● Task objective:
From the first line to the last, give the material again exactly, without the images.

● Data:

Content starts

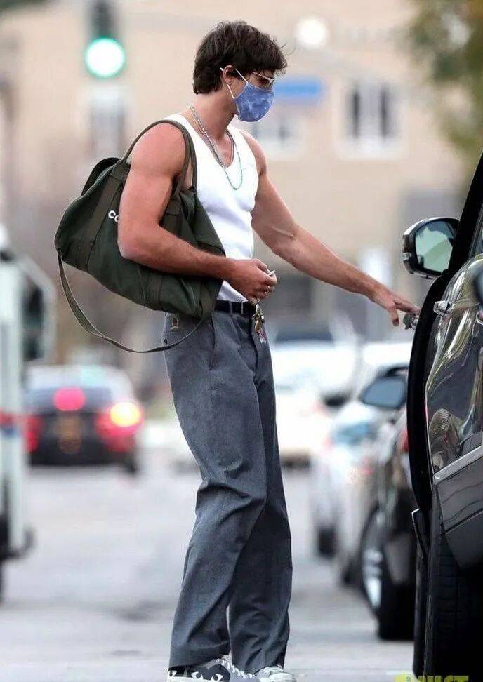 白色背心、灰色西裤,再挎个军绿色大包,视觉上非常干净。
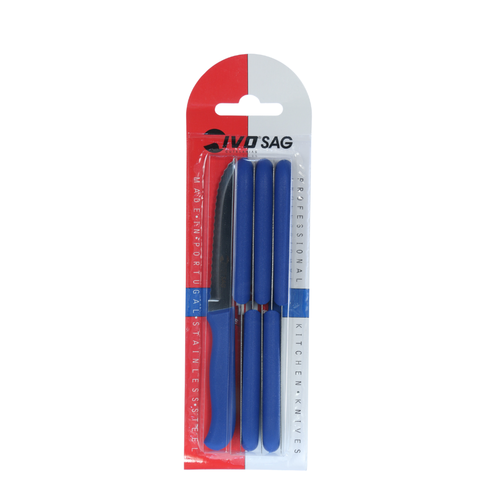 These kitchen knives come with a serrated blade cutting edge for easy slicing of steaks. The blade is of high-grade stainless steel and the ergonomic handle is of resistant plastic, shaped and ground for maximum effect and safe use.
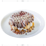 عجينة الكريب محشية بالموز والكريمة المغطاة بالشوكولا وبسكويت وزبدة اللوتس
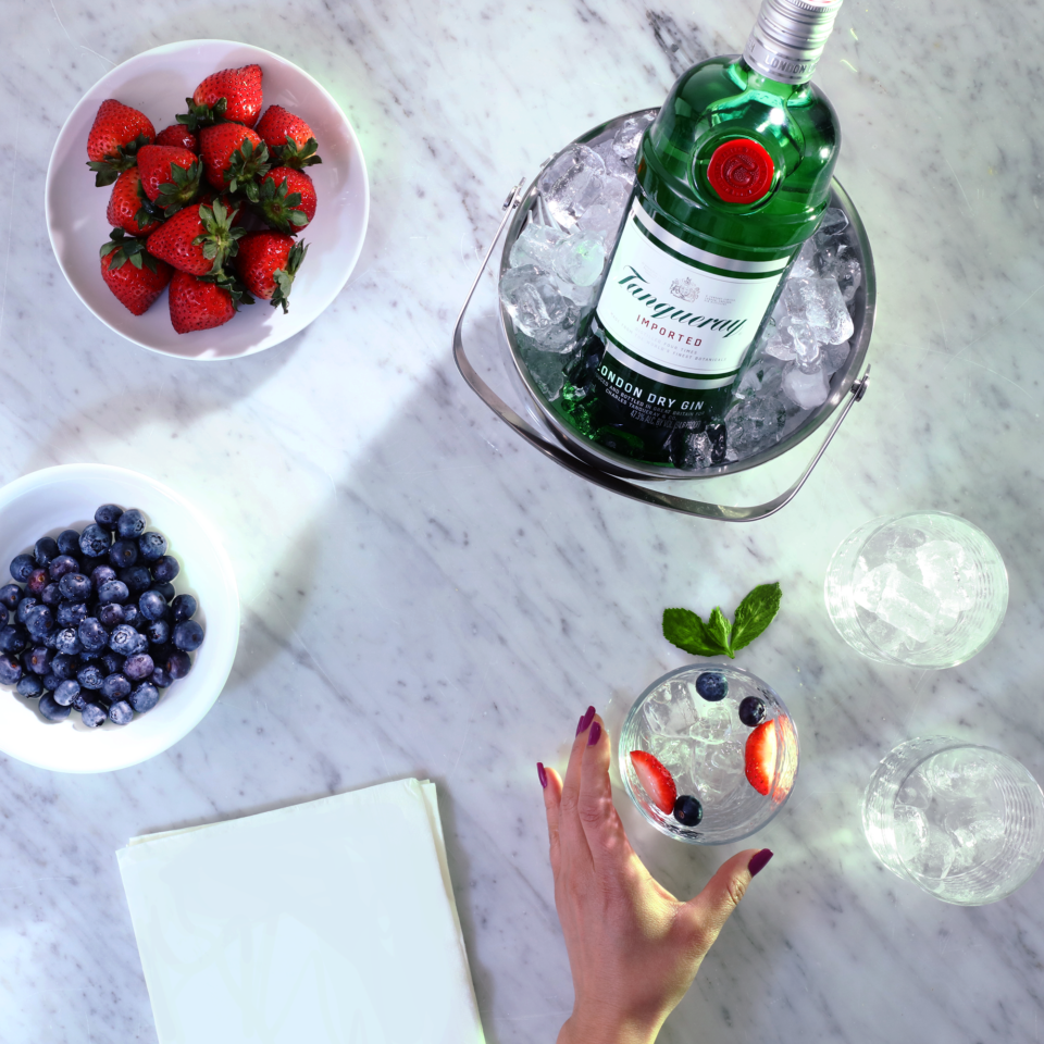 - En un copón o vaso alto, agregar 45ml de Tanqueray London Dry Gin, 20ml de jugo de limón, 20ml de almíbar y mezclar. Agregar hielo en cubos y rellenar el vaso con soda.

Content ends

● Answer area:
 白色背心、灰色西裤,再挎个军绿色大包,视觉上非常干净。
 These kitchen knives come with a serrated blade cutting edge for easy slicing of steaks. The blade is of high-grade stainless steel and the ergonomic handle is of resistant plastic, shaped and ground for maximum effect and safe use.
 عجينة الكريب محشية بالموز والكريمة المغطاة بالشوكولا وبسكويت وزبدة اللوتس
 - En un copón o vaso alto, agregar 45ml de Tanqueray London Dry Gin, 20ml de jugo de limón, 20ml de almíbar y mezclar. Agregar hielo en cubos y rellenar el vaso con soda.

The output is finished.